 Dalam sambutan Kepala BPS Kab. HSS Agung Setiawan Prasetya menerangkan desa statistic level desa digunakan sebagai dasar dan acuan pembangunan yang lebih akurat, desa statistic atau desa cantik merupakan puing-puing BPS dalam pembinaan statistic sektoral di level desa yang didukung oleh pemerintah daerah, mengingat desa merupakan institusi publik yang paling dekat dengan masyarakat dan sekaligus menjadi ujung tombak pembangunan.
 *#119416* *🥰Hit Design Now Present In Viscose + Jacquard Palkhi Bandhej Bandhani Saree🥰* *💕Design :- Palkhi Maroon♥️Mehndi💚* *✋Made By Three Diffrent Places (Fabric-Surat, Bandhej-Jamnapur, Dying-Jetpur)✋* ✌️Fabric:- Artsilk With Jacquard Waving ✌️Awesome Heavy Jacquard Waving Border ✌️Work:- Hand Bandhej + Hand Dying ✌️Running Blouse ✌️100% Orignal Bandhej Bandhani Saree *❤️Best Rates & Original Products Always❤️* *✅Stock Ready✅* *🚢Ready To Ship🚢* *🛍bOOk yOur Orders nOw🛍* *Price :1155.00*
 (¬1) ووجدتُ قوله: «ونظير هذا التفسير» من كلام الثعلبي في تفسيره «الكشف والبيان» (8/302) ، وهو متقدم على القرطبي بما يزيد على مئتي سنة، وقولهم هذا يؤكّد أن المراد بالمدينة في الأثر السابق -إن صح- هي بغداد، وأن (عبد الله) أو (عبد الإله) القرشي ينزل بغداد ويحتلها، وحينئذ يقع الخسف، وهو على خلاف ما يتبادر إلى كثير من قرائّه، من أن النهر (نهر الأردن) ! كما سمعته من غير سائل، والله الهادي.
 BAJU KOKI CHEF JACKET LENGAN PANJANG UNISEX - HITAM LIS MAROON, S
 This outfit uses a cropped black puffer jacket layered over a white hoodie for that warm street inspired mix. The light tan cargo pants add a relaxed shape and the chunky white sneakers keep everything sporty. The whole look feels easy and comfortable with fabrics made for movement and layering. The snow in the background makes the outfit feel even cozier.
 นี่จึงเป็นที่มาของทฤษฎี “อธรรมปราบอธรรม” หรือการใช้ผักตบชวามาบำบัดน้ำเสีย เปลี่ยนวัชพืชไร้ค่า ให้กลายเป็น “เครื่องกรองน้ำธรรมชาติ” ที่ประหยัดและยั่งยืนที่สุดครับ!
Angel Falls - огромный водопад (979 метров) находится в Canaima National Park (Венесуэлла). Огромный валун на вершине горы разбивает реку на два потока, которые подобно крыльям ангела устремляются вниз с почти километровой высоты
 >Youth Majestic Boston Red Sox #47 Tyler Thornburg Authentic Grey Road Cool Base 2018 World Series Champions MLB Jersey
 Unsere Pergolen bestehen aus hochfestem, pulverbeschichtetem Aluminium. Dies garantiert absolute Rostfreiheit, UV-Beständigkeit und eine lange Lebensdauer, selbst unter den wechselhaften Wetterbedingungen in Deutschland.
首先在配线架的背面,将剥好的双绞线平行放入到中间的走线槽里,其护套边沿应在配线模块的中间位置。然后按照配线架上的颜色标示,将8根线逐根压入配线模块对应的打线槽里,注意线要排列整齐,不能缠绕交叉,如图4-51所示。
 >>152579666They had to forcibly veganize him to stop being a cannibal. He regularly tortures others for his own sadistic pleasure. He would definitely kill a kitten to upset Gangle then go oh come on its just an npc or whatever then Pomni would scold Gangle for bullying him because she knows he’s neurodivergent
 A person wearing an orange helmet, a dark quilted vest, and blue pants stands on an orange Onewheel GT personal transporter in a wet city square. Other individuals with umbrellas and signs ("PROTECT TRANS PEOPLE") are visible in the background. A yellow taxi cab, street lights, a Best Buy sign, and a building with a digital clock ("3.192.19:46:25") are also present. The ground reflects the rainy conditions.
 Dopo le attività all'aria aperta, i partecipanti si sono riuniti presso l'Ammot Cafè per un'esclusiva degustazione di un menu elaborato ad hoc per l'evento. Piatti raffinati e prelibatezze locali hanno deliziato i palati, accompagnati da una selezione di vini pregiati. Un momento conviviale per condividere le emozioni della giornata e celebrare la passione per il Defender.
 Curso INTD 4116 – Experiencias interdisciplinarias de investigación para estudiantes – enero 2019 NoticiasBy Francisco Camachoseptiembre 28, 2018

ACTIVITY:
Print each entry exactly as it appears above.

WRITTEN ANSWER:
 Dalam sambutan Kepala BPS Kab. HSS Agung Setiawan Prasetya menerangkan desa statistic level desa digunakan sebagai dasar dan acuan pembangunan yang lebih akurat, desa statistic atau desa cantik merupakan puing-puing BPS dalam pembinaan statistic sektoral di level desa yang didukung oleh pemerintah daerah, mengingat desa merupakan institusi publik yang paling dekat dengan masyarakat dan sekaligus menjadi ujung tombak pembangunan.
 *#119416* *🥰Hit Design Now Present In Viscose + Jacquard Palkhi Bandhej Bandhani Saree🥰* *💕Design :- Palkhi Maroon♥️Mehndi💚* *✋Made By Three Diffrent Places (Fabric-Surat, Bandhej-Jamnapur, Dying-Jetpur)✋* ✌️Fabric:- Artsilk With Jacquard Waving ✌️Awesome Heavy Jacquard Waving Border ✌️Work:- Hand Bandhej + Hand Dying ✌️Running Blouse ✌️100% Orignal Bandhej Bandhani Saree *❤️Best Rates & Original Products Always❤️* *✅Stock Ready✅* *🚢Ready To Ship🚢* *🛍bOOk yOur Orders nOw🛍* *Price :1155.00*
 (¬1) ووجدتُ قوله: «ونظير هذا التفسير» من كلام الثعلبي في تفسيره «الكشف والبيان» (8/302) ، وهو متقدم على القرطبي بما يزيد على مئتي سنة، وقولهم هذا يؤكّد أن المراد بالمدينة في الأثر السابق -إن صح- هي بغداد، وأن (عبد الله) أو (عبد الإله) القرشي ينزل بغداد ويحتلها، وحينئذ يقع الخسف، وهو على خلاف ما يتبادر إلى كثير من قرائّه، من أن النهر (نهر الأردن) ! كما سمعته من غير سائل، والله الهادي.
 BAJU KOKI CHEF JACKET LENGAN PANJANG UNISEX - HITAM LIS MAROON, S
 This outfit uses a cropped black puffer jacket layered over a white hoodie for that warm street inspired mix. The light tan cargo pants add a relaxed shape and the chunky white sneakers keep everything sporty. The whole look feels easy and comfortable with fabrics made for movement and layering. The snow in the background makes the outfit feel even cozier.
 นี่จึงเป็นที่มาของทฤษฎี “อธรรมปราบอธรรม” หรือการใช้ผักตบชวามาบำบัดน้ำเสีย เปลี่ยนวัชพืชไร้ค่า ให้กลายเป็น “เครื่องกรองน้ำธรรมชาติ” ที่ประหยัดและยั่งยืนที่สุดครับ!
Angel Falls - огромный водопад (979 метров) находится в Canaima National Park (Венесуэлла). Огромный валун на вершине горы разбивает реку на два потока, которые подобно крыльям ангела устремляются вниз с почти километровой высоты
 >Youth Majestic Boston Red Sox #47 Tyler Thornburg Authentic Grey Road Cool Base 2018 World Series Champions MLB Jersey
 Unsere Pergolen bestehen aus hochfestem, pulverbeschichtetem Aluminium. Dies garantiert absolute Rostfreiheit, UV-Beständigkeit und eine lange Lebensdauer, selbst unter den wechselhaften Wetterbedingungen in Deutschland.
首先在配线架的背面,将剥好的双绞线平行放入到中间的走线槽里,其护套边沿应在配线模块的中间位置。然后按照配线架上的颜色标示,将8根线逐根压入配线模块对应的打线槽里,注意线要排列整齐,不能缠绕交叉,如图4-51所示。
 >>152579666They had to forcibly veganize him to stop being a cannibal. He regularly tortures others for his own sadistic pleasure. He would definitely kill a kitten to upset Gangle then go oh come on its just an npc or whatever then Pomni would scold Gangle for bullying him because she knows he’s neurodivergent
 A person wearing an orange helmet, a dark quilted vest, and blue pants stands on an orange Onewheel GT personal transporter in a wet city square. Other individuals with umbrellas and signs ("PROTECT TRANS PEOPLE") are visible in the background. A yellow taxi cab, street lights, a Best Buy sign, and a building with a digital clock ("3.192.19:46:25") are also present. The ground reflects the rainy conditions.
 Dopo le attività all'aria aperta, i partecipanti si sono riuniti presso l'Ammot Cafè per un'esclusiva degustazione di un menu elaborato ad hoc per l'evento. Piatti raffinati e prelibatezze locali hanno deliziato i palati, accompagnati da una selezione di vini pregiati. Un momento conviviale per condividere le emozioni della giornata e celebrare la passione per il Defender.
 Curso INTD 4116 – Experiencias interdisciplinarias de investigación para estudiantes – enero 2019 NoticiasBy Francisco Camachoseptiembre 28, 2018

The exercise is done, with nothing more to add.